Dad’s generosity blessed us so richly over the years! From the help provided at Chris’s and my wedding to the cars passed on and the dinner tabs picked up, and so much more, Dad inspired us to give, and give generously. As I like to tell my new son-in-law, we’re paying it forward, so let us pay for some things! One day it’ll be your turn. 🙂 His giving heart was turned on those around him, whether folks who barely knew him at church, or strangers who needed help, or friends of friends, he wanted to share the love of God with everyone.
His strong and steadfast faith in God was the bedrock of his life. He studied the Bible diligently and passed on his gleanings with love and compassion to those in his life. Through demonstration he taught steadfastness, love, courage, joy, the fruits of the Spirit, to everyone around him, most especially his family. He knew that the best teachings in life are actions, not just words. In fact, a lot of times no words were spoken or needed. His actions spoke of God in him.

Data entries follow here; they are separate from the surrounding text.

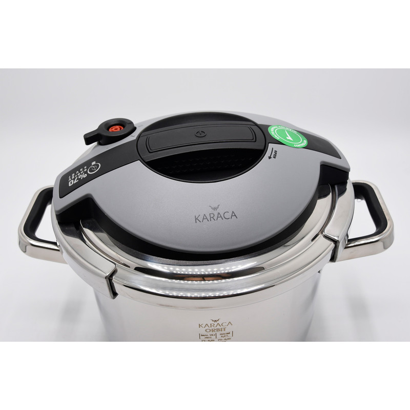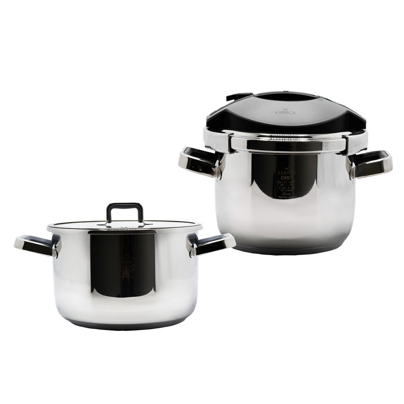 جدیدترین محصول کمپانی بزرگ KARACA ، ست دوقلوی زودپز، قابلمه و بخارپز مدل اوربیت، ساخت ترکیه است که این محصول با دو ظرفیت 6 و 4 لیتری امکان پخت همزمان دو نوع غذا توسط زودپز و قابلمه در یک زمان را فراهم می کند . این محصول دارای دو درب ، یکی استیل برای زودپز و دیگری شیشه پیرکس که جهت استفاده به عنوان قابلمه طراحی شده است که درب های موجود به هر دو دیگ 4 و 6 لیتری قابل اتصال هستند. هنگامیکه فرصت اندکی برای آماده سازی غذا دارید این زودپز از طریق بدنه استیل 18/10 و با کیفیت استاندارد اروپایی ، با حرارتی یکنواخت در تمام قسمتها سریعترین غذا را با حفظ ارزشهای غذایی در اختیار شما قرار میدهد و با صرفه جویی در 70٪ انرژی و 50٪ زمان پخت غذا می توانید وعده های غذایی خود را به روشی سریع و خوشمزه بپزید. جنس دستگیرهها از نوع باکالیت طراحی شده که در مقابل حرارت مقاوم هستند تا در زمان پخت آسیبی به آنها وارد نشود. درب کلیپسی این زودپز با فشار یک دست به راحتی باز و بسته میشود و کار کردن با آن بسیار راحت است. کف کالا به دلیل قابلیت کپسولی بودن این مزیت را دارد که حرارت را به طور یک نواخت به تمام قسمت ها برساند .همچنین بر روی درب این محصول برنامه سه حالته پخت تعبیه شده است.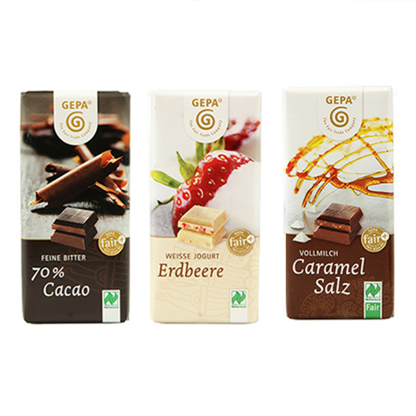 手軽に本格チョコをたのしめる個性豊かなラインナップ。 ゲパ社は1975年にドイツに設立され、創業以来40年以上に渡り、フェアトレードのパイオニア的存在として発展途上国の生産者をサポートする活動を続けてきました。生産者を大切なパートナーとする一貫した哲学を持ち、世界フェアトレード機構(WFTO)や独自基準である「フェアトレードプラス」の確立など、フェアトレードの最低基準を大幅に超えた活動に取り組んできました。 *一般的には20%以上でフェアトレード製品となります。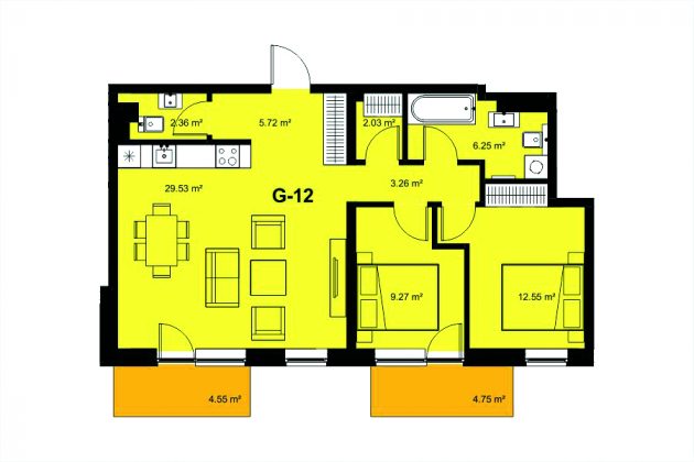 Skandinaviškos technologijos, trisluoksnės surenkamos gelžbetonio plokštės. Vidinis sluoksnis – 200 mm POLIURETANO (PIR) apšiltinimas.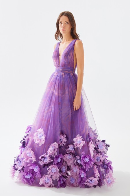 فستان من التول متعدد الألوان مع تفاصيل زهور من الريش يعرض بشكل حصري علي تيا دريس من فساتين طارق ايديز 2023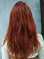 パキッとしたオレンジヘアを縦巻きではなくウェーブにすることによって、今っぽいスタイルに。前髪をかき上げることで格好良さも◎

Well, now Dad has joined the next best adventure that God gave us – eternity with him, and all, in love. He is greatly missed here. However, we know he’s not tied down to a sick, earthly body anymore. Everything is now clear to him – he now has that full understanding that we can only dream of here on this physical plane. I’m a bit jealous! But only a bit, because we’re here to experience God’s love through our humanness and I still have a lot of humanness to live.
I did ask him the day before he moved on to come visit me, in my dreams or however he wants to, and tell me what it’s like there. He chuckled and said okay. Almost every night since then he has been present in my dreams and occasionally in my half waking moments I feel him. In fact, yesterday morning as I turned over I smelled his cologne. I think he’s waiting for me to be on the same wavelength as him to share with me whatever he thinks I can handle.
I am eternally grateful that I was put into this wonderful man’s family! There is no one else like him and he will live on in our hearts and minds. I hope Chris and I can pass on the type of legacy that he did to us.
Going through this, and this is a first for me, has caused me to be more aware of what is most important in this life – family and loving everyone you come in contact with. Everything else is inconsequential and in the end isn’t what you’re remembered by. Dad set an excellent example of being love, one I hope I’ve learned from and not only live, but pass to my kids and grandkids.
Go hug and love on your loved ones! And don’t forget others around you – love is so easy to pass around with a smile, a helping hand, a conversation, and even loving thoughts.
We love you Dad, and look forward to being reunited with you.